Am I a life scientist or an IT data manager? That’s the question many researchers are asking themselves in today’s data-driven life sciences organizations.

Whether it is a bench scientist analyzing a genomic sequence or an M.D. exploring biomarkers and a patient’s genomic variants to develop a personalized treatment, researchers are spending a great amount of time searching for, accessing, manipulating, analyzing, and visualizing data.

Organizations supporting such research efforts are trying to make it easier to perform these tasks without the user needing extensive IT expertise and skills. This mission is not easy.

Focus on the data

Modern life sciences data analysis requirements are vastly different than they were just a handful of years ago.

In the past, once data was created, it was stored, analyzed soon after, and then archived to tape or another long-term medium. Today, not only is more data is being generated, but also the need to re-analyze that data means that it must be retained where it can be easily accessed for longer periods.

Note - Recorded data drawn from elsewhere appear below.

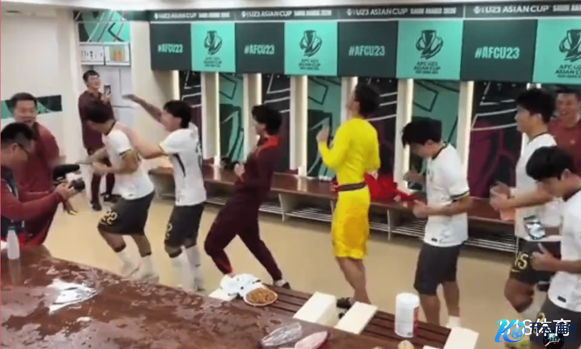 赛后,国足U23举座在更衣室开香槟舞蹈,彭啸的舞姿太概述了。
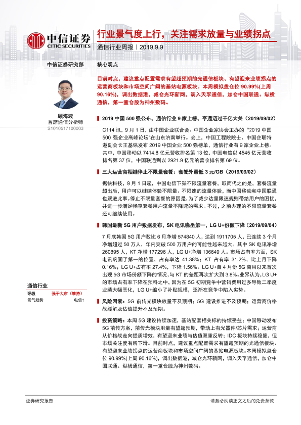 【中信证券】【20190909】通信行业周报:行业景气度上行,关注需求放量与业绩拐点-8页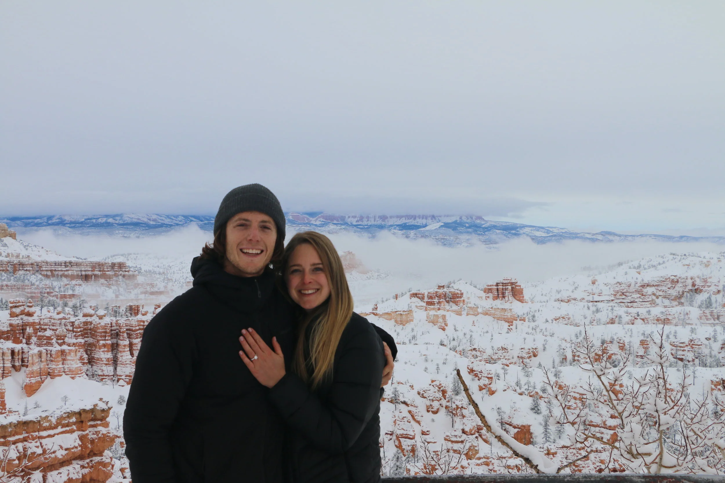 With shared loves of friends, family, snowboarding, traveling, biking and exploring the outdoors, we’ve been lucky enough to share amazing adventures, and we’re just getting started. Though we are definitely very different people (to say the least), we’ve prioritized our friendship, supported each other’s aspirations, and dreamt of our future together since we were teenagers. After moving in together in Newport Beach, it wasn’t long before the time was right for us to take the next step. We got engaged on a winter camping trip in southern Utah. We adopted Juno in December 2019, developed an unhealthy obsession with him, and have adventured with him across the US.

Additionally, today’s research is much more collaborative and multi-disciplinary. As a result, organizations must provide an easy way for researchers to access data, ensure that results are reproducible, and provide transparency to ensure best practices are used and that procedures adhere to regulatory mandates.

More analytics and collaboration represent areas where The Galaxy Project (also known as just Galaxy) can help. Galaxy is a scientific workflow, data integration, and data and analysis persistence and publishing platform designed to help make computational biology accessible to research scientists that do not have computer programming experience.

Galaxy is generally used as a general bioinformatics workflow management system that automatically tracks and manages data while providing support for capturing the context and intent of computational methods.

Organizations have several ways to make use of Galaxy. They include:

Free public instance: The Galaxy Main instance is available as a free public service at UseGalaxy.org. This is the Galaxy Project’s primary production Galaxy instance and is useful for sharing or publishing data and methods with colleagues for routine analysis or with the larger scientific community for publications.

Anyone can use the public servers, with or without an account. (With an account, data quotas are increased and full functionality across sessions opens up, such as naming, saving, sharing, and publishing Galaxy-defined objects).

Publicly available instances: Many other Galaxy servers besides Main have been made publicly available by the Galaxy community. Specifically, a number of institutions have installed Galaxy and have made those installations either accessible to individual researchers or open to certain organizations or communities.

For example, the Centre de Bioinformatique de Bordeaux offers a general purpose Galaxy instance that includes EMBOSS (a software analysis package for molecular biology) and fibronectin (diversity analysis of synthetic libraries of a Fibronectin domain). Biomina offers a general purpose Galaxy instance that includes most standard tools for DNA/RNA sequencing, plus extra tools for panel resequencing, variant annotation, and some tools for Illumina SNP array analysis.

A list of the publically available installations of Galaxy can be found here.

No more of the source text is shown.